We gather together to ask the Lord's blessing
He chastens and hastens His will to make known.
The wicked oppressing now cease from distressing.
Sing praises to His name; He forgets not His own.
We sang the music of that lovely hymn in public school when I was a child, but singing it now might provoke arrest. God has been chased out of the schoolhouse in many places in America. In Maryland public schools, the kids can thank anybody on Thanksgiving as long as they don't thank God.
But once upon a time, children were allowed to love the sentiment and the wordplay. That's particularly apt this Thanksgiving as we give thanks to our Marines fighting the wicked in Iraq so that we can look forward to winning a war to define the civilization our children - and the children of others - will inherit.
I will celebrate Thanksgiving with my extended family of 30 in Washington, the city that gave John Kerry 91 percent of its vote. I'll sit at a table closely reflecting that statistic. I might like to raise a toast to the president of the United States, and to the voters who voted to keep him where he is, but unless I've had too much sauvignon blanc I'll keep the peace. We can safely discuss sex but, at our table, like a lot of others across America this week, politics will give us mostly heartburn.
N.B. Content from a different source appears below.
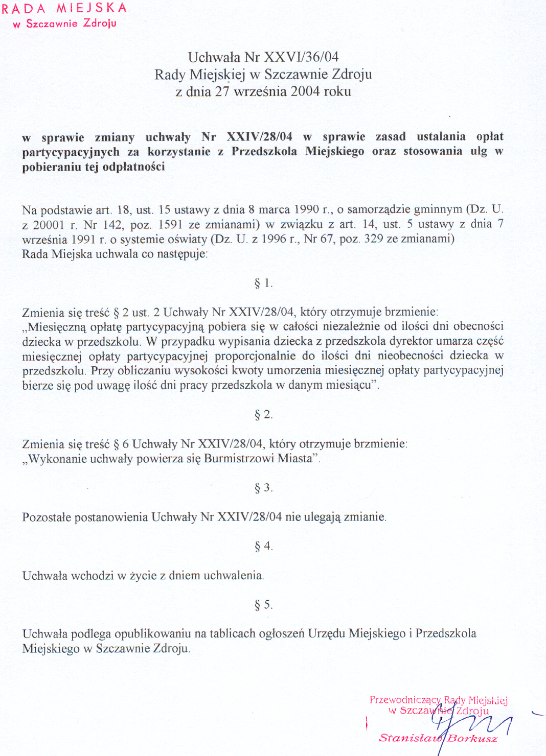 Uchwała nr XXVI/36/04 Rady Miejskiej w Szczawnie Zdroju z dnia 27 września 2004 r. w sprawie zmiany uchwały nr XXIV/28/04 w sprawie zasad ustalania opłat partycypacyjnych za korzystanie z Przedszkola Miejskiego oraz stosowania ulg w pobieraniu tej odpłatności - nieważność § 1 uchwały stwierdzona rozstrzygnięciem nadzorczym Wojewody Dolnośląskiego

Amiable discussion of politics hasn't been possible in my circle since the day FDR died. I remember fierce fights over whether Harry Truman should have dropped the atom bomb, although some of the young people who were the angriest probably wouldn't have been at the table if he hadn't, and neither would their fathers. Cranberry sauce the color of the blood left on beaches across the Pacific stained the tablecloth that year.
After Adlai Stevenson lost twice, the rebels at the table poked fun at Dwight Eisenhower's stammering "stupidity," although the fathers and uncles of some of the mockers at the table didn't think the man who led them across Europe was stupid at all. Uncle Jack's "I Like Ike" button so upset one nephew that he spilled his mushroom gravy on a new tie. (Yes, children, the men at table wore ties in those days.)
A few Thanksgivings later, some at the table were persuaded that JFK stole the presidential election of '60 in Illinois, and others were glad he did if he did, and some of us who were the first in an immigrant family to go to college were thrilled that the nation's capital would finally get the high culture we thought was only what we deserved.